Directions: Once you have located the line containing "在教堂內的庭園可近距離欣賞布拉曼特的建築" in the material below, return it exactly along with each line after it through the line containing "Latihan Soal Kerajaan Kutai".

Supplied data:
::::::::

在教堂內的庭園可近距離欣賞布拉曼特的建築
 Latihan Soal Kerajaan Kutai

::::::::

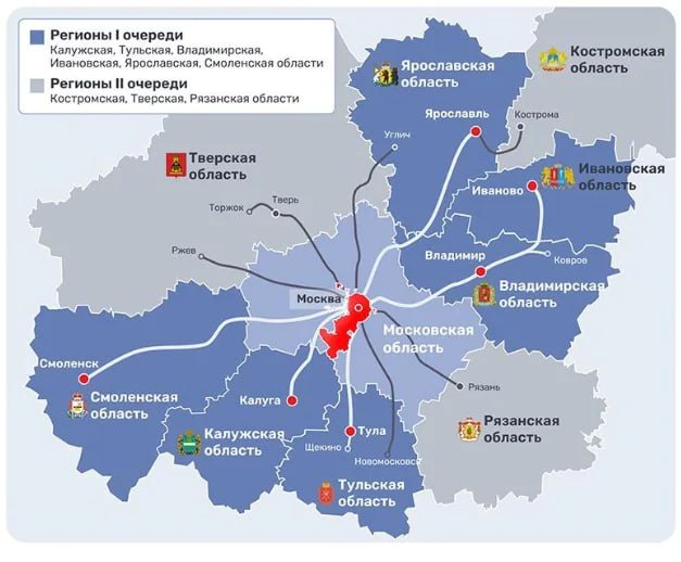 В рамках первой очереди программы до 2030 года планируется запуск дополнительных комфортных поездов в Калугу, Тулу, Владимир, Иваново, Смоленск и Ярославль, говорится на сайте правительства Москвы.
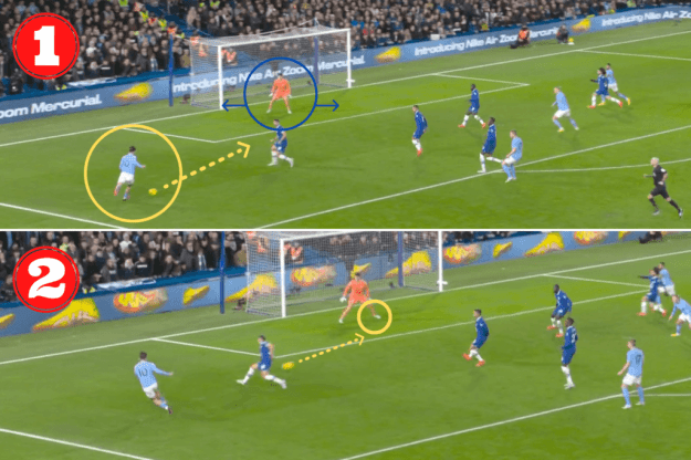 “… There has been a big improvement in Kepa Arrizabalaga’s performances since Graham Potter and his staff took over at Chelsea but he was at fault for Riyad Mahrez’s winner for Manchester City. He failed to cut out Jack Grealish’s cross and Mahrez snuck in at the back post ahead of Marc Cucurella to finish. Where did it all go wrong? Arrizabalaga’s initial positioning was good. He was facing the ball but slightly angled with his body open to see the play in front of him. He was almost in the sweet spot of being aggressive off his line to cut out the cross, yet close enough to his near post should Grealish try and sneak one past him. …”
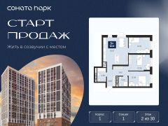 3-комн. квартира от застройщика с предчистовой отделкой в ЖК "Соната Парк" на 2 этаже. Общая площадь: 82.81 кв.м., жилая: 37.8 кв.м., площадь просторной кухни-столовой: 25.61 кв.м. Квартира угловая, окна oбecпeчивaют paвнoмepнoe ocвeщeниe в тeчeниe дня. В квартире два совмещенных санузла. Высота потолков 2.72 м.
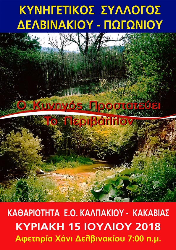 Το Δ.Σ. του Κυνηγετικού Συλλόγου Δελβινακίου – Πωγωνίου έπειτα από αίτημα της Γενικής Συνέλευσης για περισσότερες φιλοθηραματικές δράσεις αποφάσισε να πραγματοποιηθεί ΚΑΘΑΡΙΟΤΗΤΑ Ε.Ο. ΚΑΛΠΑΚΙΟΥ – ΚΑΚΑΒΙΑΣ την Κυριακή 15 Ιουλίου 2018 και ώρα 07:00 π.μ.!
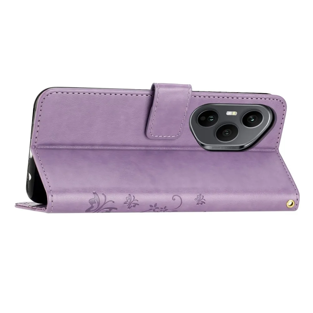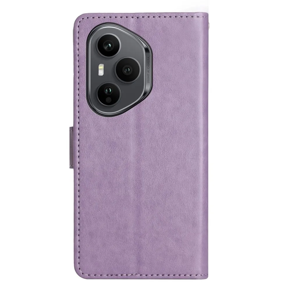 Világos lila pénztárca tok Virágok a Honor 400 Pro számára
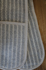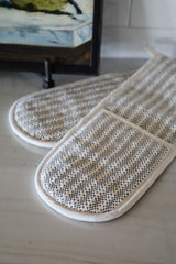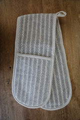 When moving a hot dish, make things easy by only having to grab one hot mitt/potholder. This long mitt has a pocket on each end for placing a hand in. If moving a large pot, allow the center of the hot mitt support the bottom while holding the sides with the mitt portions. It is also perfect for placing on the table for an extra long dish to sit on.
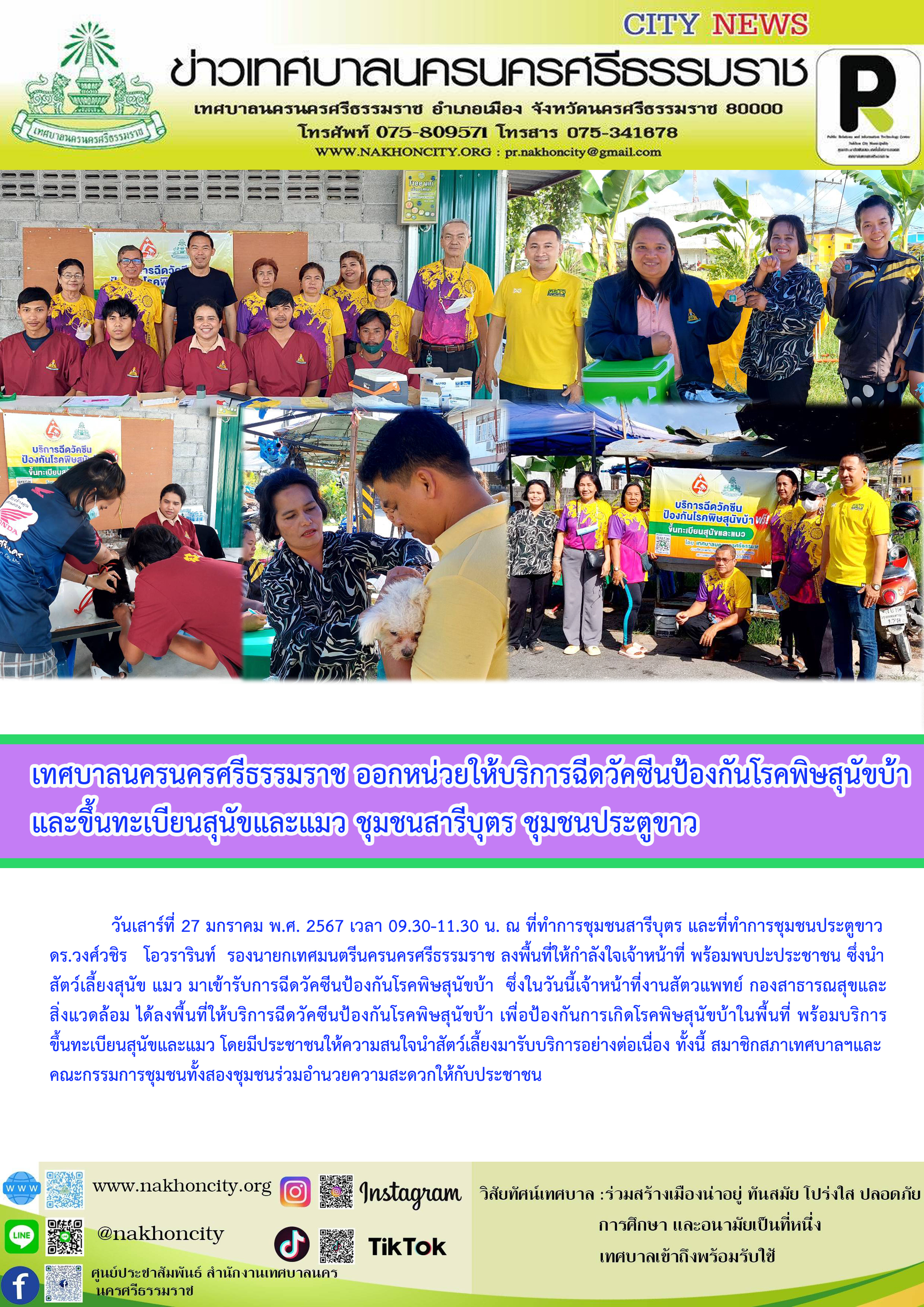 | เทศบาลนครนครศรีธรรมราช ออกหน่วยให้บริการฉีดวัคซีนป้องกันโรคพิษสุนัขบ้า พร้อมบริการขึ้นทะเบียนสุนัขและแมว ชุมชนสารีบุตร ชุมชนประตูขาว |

::::::::

Solution for this problem:
在教堂內的庭園可近距離欣賞布拉曼特的建築
 Latihan Soal Kerajaan Kutai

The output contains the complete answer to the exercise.